There is no longer any judgment (to the best of my ability) coming from my end, no matter what the circumstance may be. I have learned to have grace and understanding, not only for parents, but for people in every circumstance and in every season of life. If we’re not in someone else’s shoes, we won’t ever be able to pretend hard enough; we’ll never truly understand what they are going through and what they’re battling in their heart or mind. Instead of offering my opinion (to their face or otherwise), I wish to offer love and help any time it is needed.
I am learning that my son will mimic what I do (and that’s not always a good thing.)
In the peak of my anger, it’s much easier to express such frustration when the person on the other end responds with anger as well. I have seen the negative effects that harsh words have on marriages, friendships and family members. I acknowledge that loose lips damage relationships and I strive to ask for forgiveness when I say things that I don’t mean. But it feels different with my son.
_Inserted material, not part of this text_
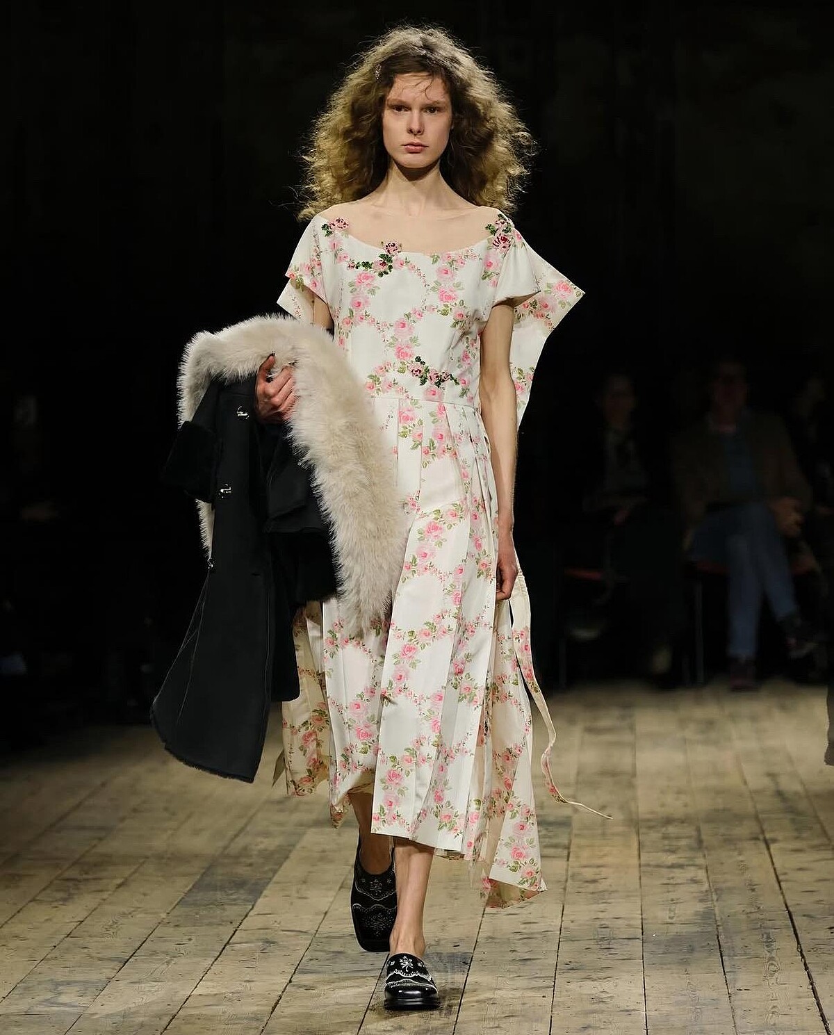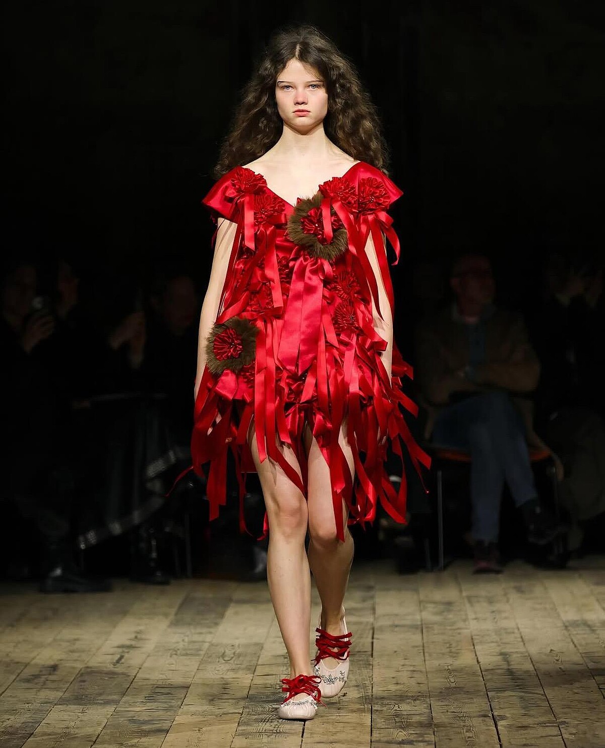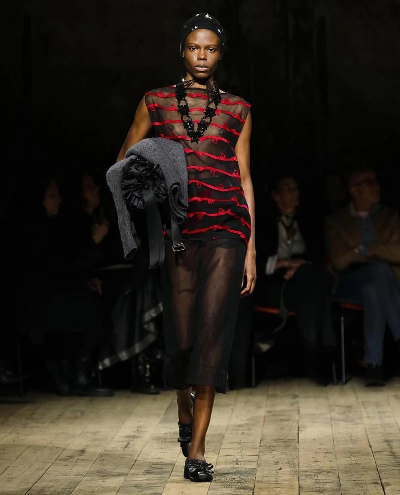 然而如此大規模的浪漫芭蕾運動風融合,卻絲毫沒有半點排斥反應,並且巧妙的與本季整體系列的主軸交織。Simone Rocha 2026秋冬系列從愛爾蘭神話、馬術傳統出發,並參考兩個經典作品Mike Newell 1992 年的電影《Into the West》以及 Perry Ogden 1999 年的攝影集《Pony Kids》,誕生由神話色彩與現實衝突的美學。

Every time I raise my voice at him, I can’t help but to sink in sorrow as soon as I see the shocked look on his little face. At a young age, our kids don’t typically respond with actual anger, do they? Instead, they respond with confusion and sadness because they don’t fully understand. For me, the realization quickly sets in that he has not heard this frustrated tone of voice – ever – in his short life; yet, he is hearing it for the first time, and continuing to hear it, from the person that he relies on and trusts the most.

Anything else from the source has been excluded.